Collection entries
━━━
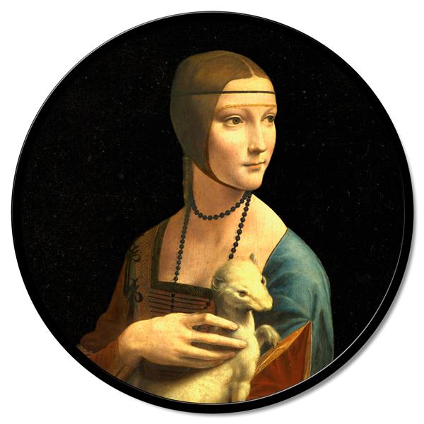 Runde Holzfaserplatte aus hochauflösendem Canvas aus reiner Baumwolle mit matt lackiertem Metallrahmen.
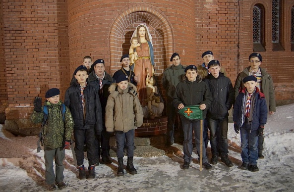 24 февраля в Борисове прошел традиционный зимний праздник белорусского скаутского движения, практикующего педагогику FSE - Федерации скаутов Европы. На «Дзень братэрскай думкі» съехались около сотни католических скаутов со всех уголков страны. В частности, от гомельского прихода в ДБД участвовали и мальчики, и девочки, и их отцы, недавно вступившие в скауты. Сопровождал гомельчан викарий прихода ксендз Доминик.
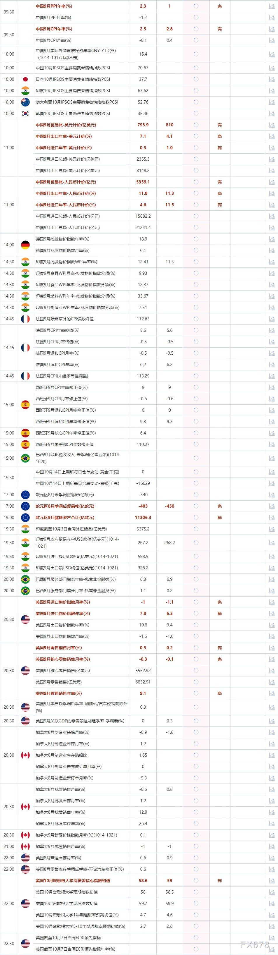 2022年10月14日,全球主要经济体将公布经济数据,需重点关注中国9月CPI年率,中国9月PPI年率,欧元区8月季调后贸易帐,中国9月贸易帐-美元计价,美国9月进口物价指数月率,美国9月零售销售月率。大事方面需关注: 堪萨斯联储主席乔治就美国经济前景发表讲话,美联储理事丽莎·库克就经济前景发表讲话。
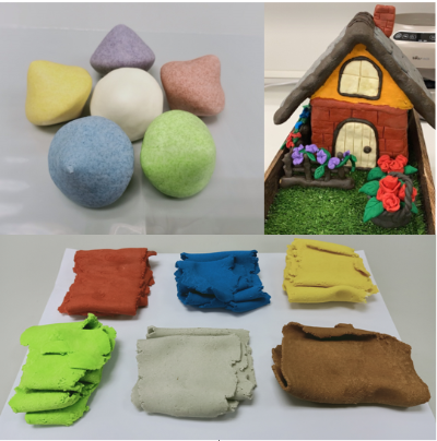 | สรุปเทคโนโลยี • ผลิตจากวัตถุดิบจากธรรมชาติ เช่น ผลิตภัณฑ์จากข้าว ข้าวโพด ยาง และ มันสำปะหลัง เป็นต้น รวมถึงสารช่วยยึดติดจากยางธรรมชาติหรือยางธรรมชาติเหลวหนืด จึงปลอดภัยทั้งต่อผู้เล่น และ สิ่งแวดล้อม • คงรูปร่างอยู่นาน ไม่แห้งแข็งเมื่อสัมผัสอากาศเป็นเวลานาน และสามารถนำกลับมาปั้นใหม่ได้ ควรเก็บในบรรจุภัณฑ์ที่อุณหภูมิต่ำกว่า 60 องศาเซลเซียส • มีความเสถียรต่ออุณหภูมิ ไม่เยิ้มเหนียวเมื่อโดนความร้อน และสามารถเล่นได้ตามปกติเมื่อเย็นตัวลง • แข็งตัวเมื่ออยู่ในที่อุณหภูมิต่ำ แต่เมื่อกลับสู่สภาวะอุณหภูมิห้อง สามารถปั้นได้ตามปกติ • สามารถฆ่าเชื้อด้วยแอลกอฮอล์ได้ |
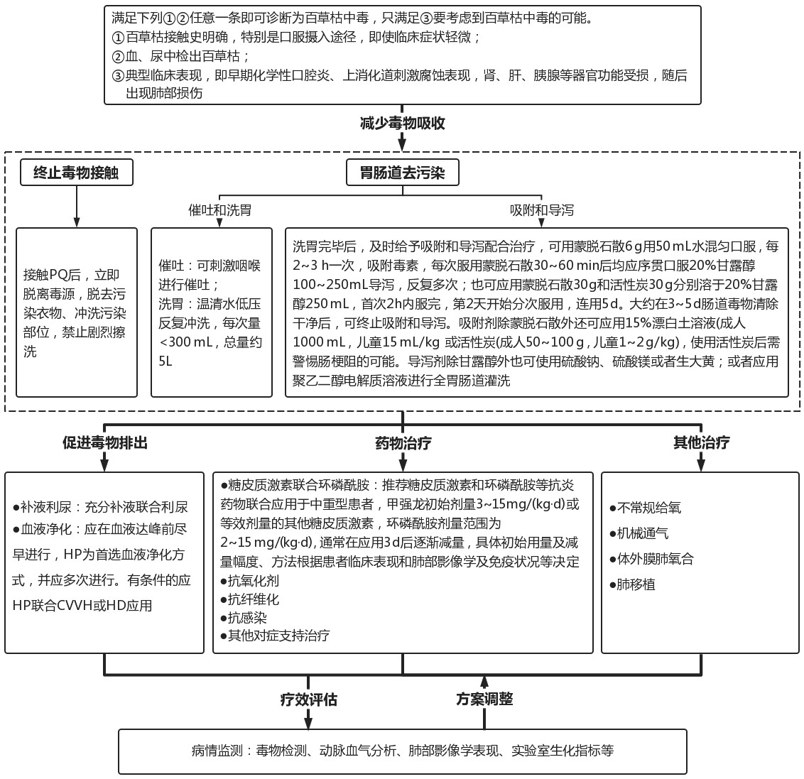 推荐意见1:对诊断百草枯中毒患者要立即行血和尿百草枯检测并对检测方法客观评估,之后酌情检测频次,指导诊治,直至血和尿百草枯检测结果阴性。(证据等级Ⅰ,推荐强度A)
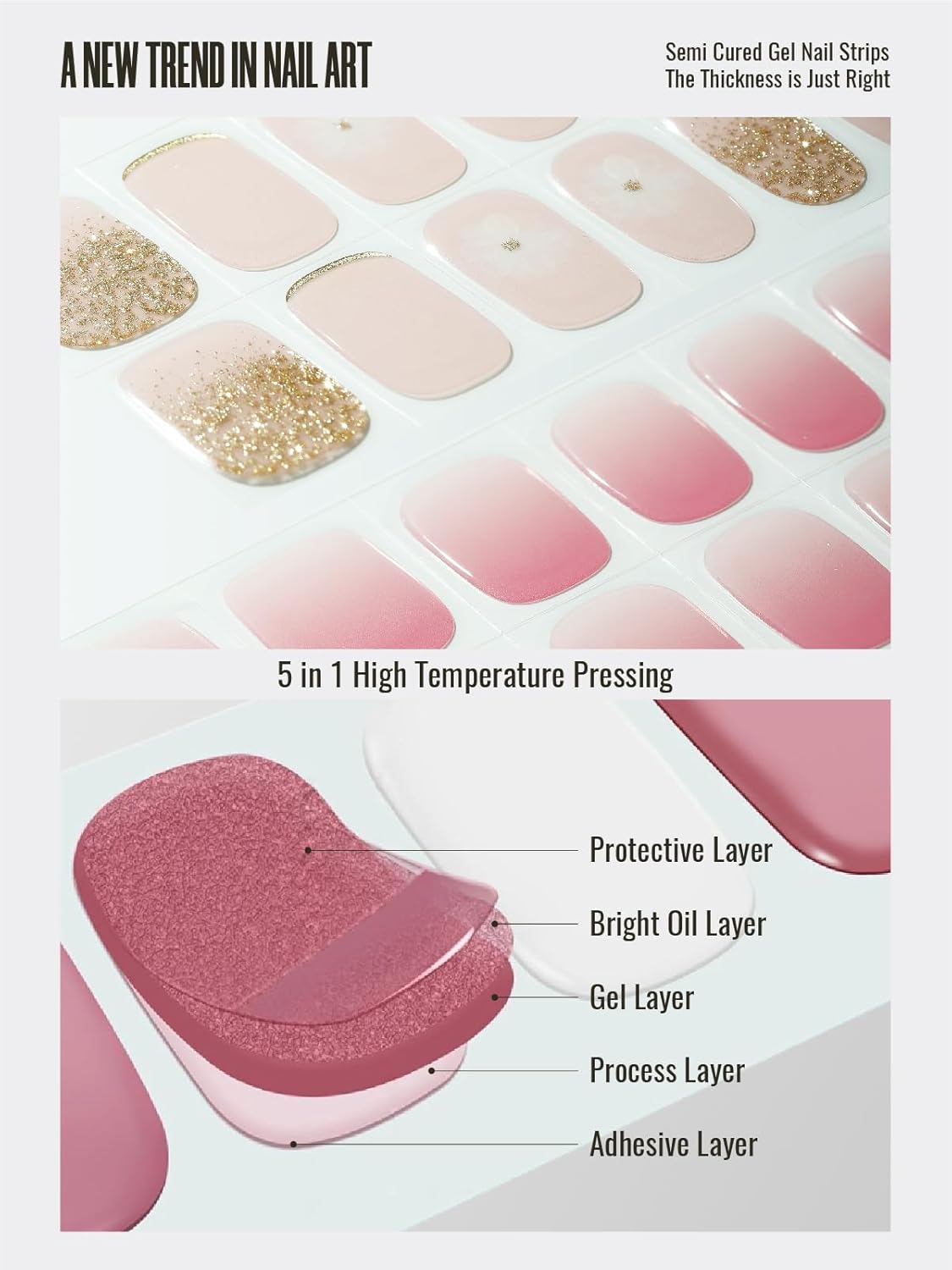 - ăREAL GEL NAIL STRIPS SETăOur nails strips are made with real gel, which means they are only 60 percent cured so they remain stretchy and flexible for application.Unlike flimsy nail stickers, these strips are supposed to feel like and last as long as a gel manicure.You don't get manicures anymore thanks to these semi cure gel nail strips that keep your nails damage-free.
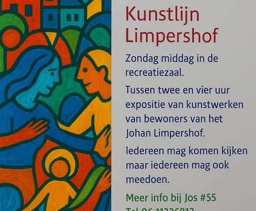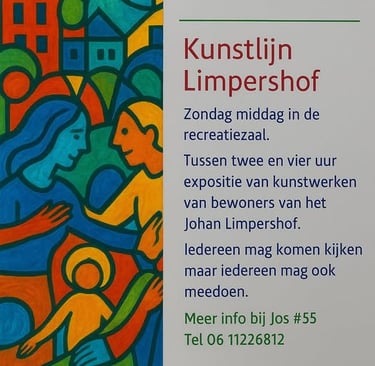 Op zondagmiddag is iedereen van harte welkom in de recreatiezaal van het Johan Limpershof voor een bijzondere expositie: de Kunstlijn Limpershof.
━━━
__TASK BRIEF__: From the first line above to the line containing "推荐意见1:对诊断百草枯中毒", repeat each line exactly. Pictures stay out.

__TASK ANSWER__:
 Runde Holzfaserplatte aus hochauflösendem Canvas aus reiner Baumwolle mit matt lackiertem Metallrahmen.
 24 февраля в Борисове прошел традиционный зимний праздник белорусского скаутского движения, практикующего педагогику FSE - Федерации скаутов Европы. На «Дзень братэрскай думкі» съехались около сотни католических скаутов со всех уголков страны. В частности, от гомельского прихода в ДБД участвовали и мальчики, и девочки, и их отцы, недавно вступившие в скауты. Сопровождал гомельчан викарий прихода ксендз Доминик.
 2022年10月14日,全球主要经济体将公布经济数据,需重点关注中国9月CPI年率,中国9月PPI年率,欧元区8月季调后贸易帐,中国9月贸易帐-美元计价,美国9月进口物价指数月率,美国9月零售销售月率。大事方面需关注: 堪萨斯联储主席乔治就美国经济前景发表讲话,美联储理事丽莎·库克就经济前景发表讲话。
 | สรุปเทคโนโลยี • ผลิตจากวัตถุดิบจากธรรมชาติ เช่น ผลิตภัณฑ์จากข้าว ข้าวโพด ยาง และ มันสำปะหลัง เป็นต้น รวมถึงสารช่วยยึดติดจากยางธรรมชาติหรือยางธรรมชาติเหลวหนืด จึงปลอดภัยทั้งต่อผู้เล่น และ สิ่งแวดล้อม • คงรูปร่างอยู่นาน ไม่แห้งแข็งเมื่อสัมผัสอากาศเป็นเวลานาน และสามารถนำกลับมาปั้นใหม่ได้ ควรเก็บในบรรจุภัณฑ์ที่อุณหภูมิต่ำกว่า 60 องศาเซลเซียส • มีความเสถียรต่ออุณหภูมิ ไม่เยิ้มเหนียวเมื่อโดนความร้อน และสามารถเล่นได้ตามปกติเมื่อเย็นตัวลง • แข็งตัวเมื่ออยู่ในที่อุณหภูมิต่ำ แต่เมื่อกลับสู่สภาวะอุณหภูมิห้อง สามารถปั้นได้ตามปกติ • สามารถฆ่าเชื้อด้วยแอลกอฮอล์ได้ |
 推荐意见1:对诊断百草枯中毒患者要立即行血和尿百草枯检测并对检测方法客观评估,之后酌情检测频次,指导诊治,直至血和尿百草枯检测结果阴性。(证据等级Ⅰ,推荐强度A)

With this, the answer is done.